E’ altresì vero che il numero di trattamenti ricevuti può condizionare, in maniera positiva, la propensione di UKE ad entrare nello stato alfa in tempi più brevi; questo perché lui ha maggior consapevolezza di se, rispetto ad una persona che riceve un trattamento per la prima volta.
TORI, da par suo, va in uno stato alterato in cui la sensibilità è fortemente accresciuta e le mani sanno dove andare da sole.
E’ proprio questa una delle sensazione più piacevoli che ho quando tratto, ovvero quella di “andare” senza preoccuparmi di dove, inizialmente, volevo “arrivare”.
Studi recenti, che si sono serviti dell'elettroencefalogramma, hanno dimostrato un’evidente correlazione tra lo stimolo che proviene dall'esterno e le onde cerebrali del soggetto in esame. Inizialmente, le ricerche in questo campo utilizzavano soprattutto la luce; poi, si e' passati ai suoni ed alle stimolazioni elettromagnetiche.
Ciò che si e' osservato e' che se il cervello e' sottoposto a impulsi (visivi, sonori o elettrici) di una certa frequenza; la sua naturale tendenza e' quella di sintonizzarsi su di esse. Il fenomeno e' detto “risposta in frequenza”.
Dal punto di vista cerebrale, lo Shiatsu (lo stimolo che proviene dall'esterno) genera, più o meno intensamente, le stesse reazioni in UKE in quanto, alterando il suo stato emotivo, tende a modificare la sua attività cerebrale in direzione dello stimolo ricevuto.
Durante il trattamento, seguire le pressioni che sono fatte sul proprio corpo è, per UKE, come passare in rassegna se stessi. Ad un certo punto sembra quasi che UKE riesca ad indirizzare le mani di TORI proprio lì dove vuole; allora la sfida cambia pelle, e i ruoli a volte si invertono.
E’ mia opinione, infatti, che ciò che caratterizza lo Shiatsu è il fatto di sviluppare ed incoraggiare la percezione in chi riceve (UKE) e di chi fa (TORI).
Alcune volte mi capita di sentirmi quasi in simbiosi con la persona trattata e le emozioni che desidero dare sono esattamente quelle che io vivo in quel momento.
Lo Shiatsu diventa il mezzo per aprire un flusso comunicativo con le strutture profonde di UKE, in cui si risvegliano certe abilità di ascolto, che magari stanno lì sopite da anni.

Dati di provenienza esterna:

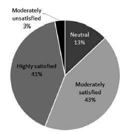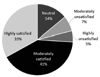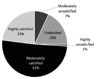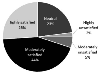 Figure 2 indicates how the strong trend towards high satisfaction continues in this category. Students indicated they are satisfied with their performance, acknowledging they have adequate support in the program. Classes are perceived as communicative and learners are given ample opportunities to participate in class, which ensures sufficient input and interaction to advance their L2 knowledge. The methodology courses are perceived to be well organized and provide an important foundation for the students’ future professional practice. The environment is conducive to interaction and students have positive feelings towards the institution.

La differenza tra lo Shiatsu e le altre tecniche come la fisioterapia, il massaggio, l’agopuntura, non sta in una relazione migliore/peggiore, più-efficace/meno-efficace; sta proprio in un salto di paradigma.

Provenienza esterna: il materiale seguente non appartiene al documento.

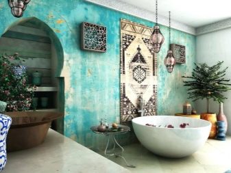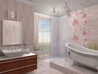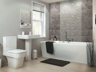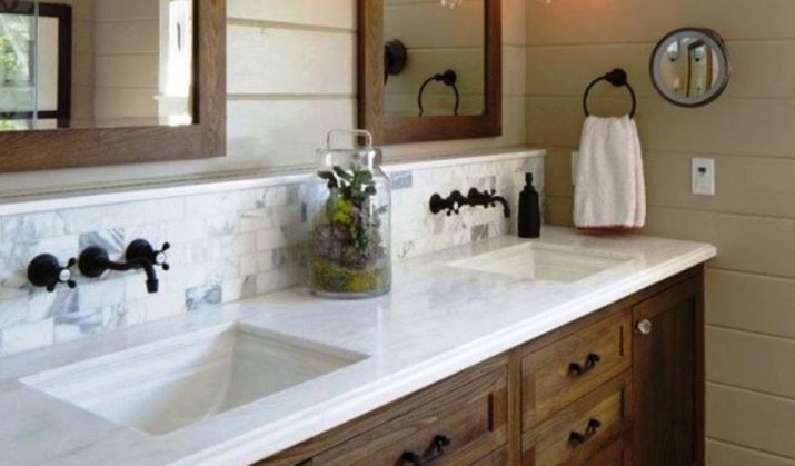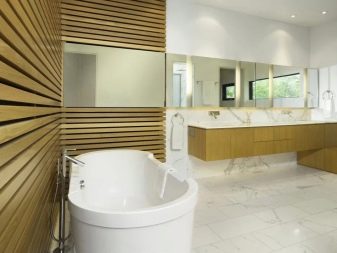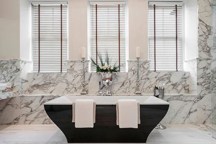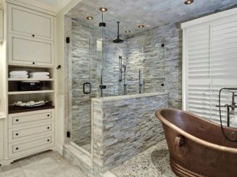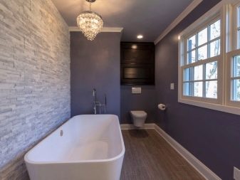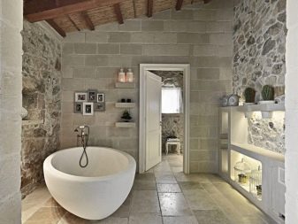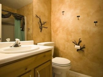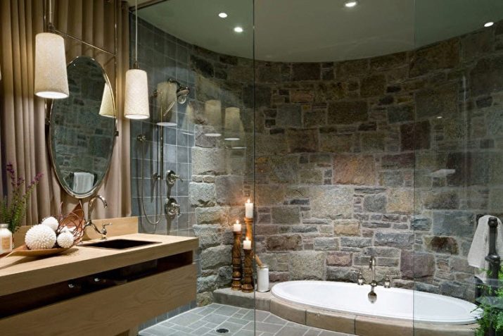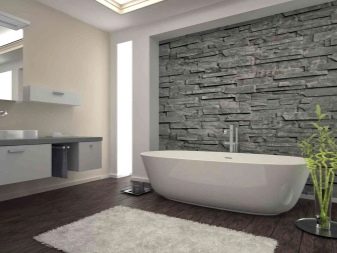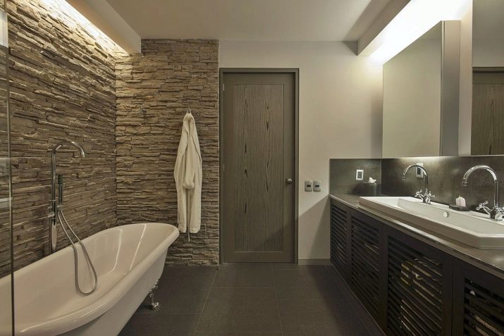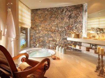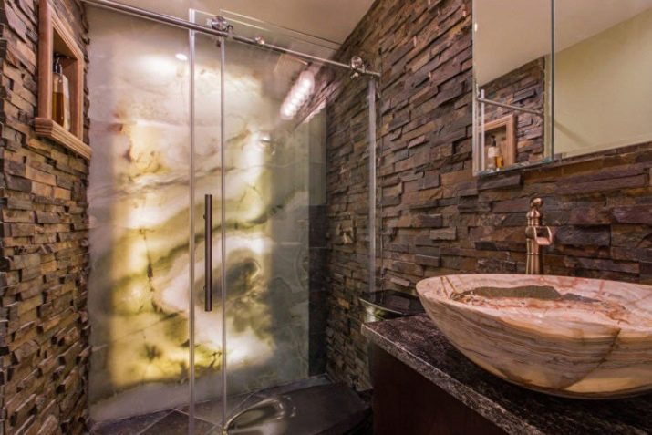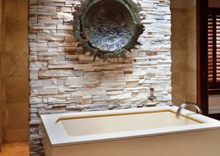 แตกต่างจากวัสดุตกแต่งบางอย่างมันสามารถใช้ในพื้นที่เปียกของห้องน้ำ เสร็จนี้ช่วยให้คุณสร้างการตกแต่งภายในในฝันให้สถานะสูง ในขณะเดียวกันมันก็ต้องการการรวมเข้ากับวัสดุอื่น ๆ ความอุดมสมบูรณ์ของหินในการตกแต่งภายในห้องน้ำดูน่าเบื่อและแข็ง

Proprio perchè lo Shiatsu non è una tecnica ma è una disciplina, in cui la tecnica è un mezzo per cambiare se stessi e gli altri, quello che passa da TORI a UKE è tutta la sua intenzione, le sue emozioni, la sua convinzione di fare bene. A non considerare tutte queste cose, si rischia di rimanere dei principianti a vita.
[1] Le Onde Cerebrali Alfa: sono caratterizzate da una frequenza che va dagli 8 ai 12 Hertz, sono tipiche durante la fase di veglia rilassata e dei momenti di concentrazione.
[2] Le Onde Cerebrali Theta: sono caratterizzate da una frequenza che va dai 5 agli 8 Hertz, sono tipiche durante la fase dell'addormentamento, detta anche fase di presonno o sogno ad occhi aperti.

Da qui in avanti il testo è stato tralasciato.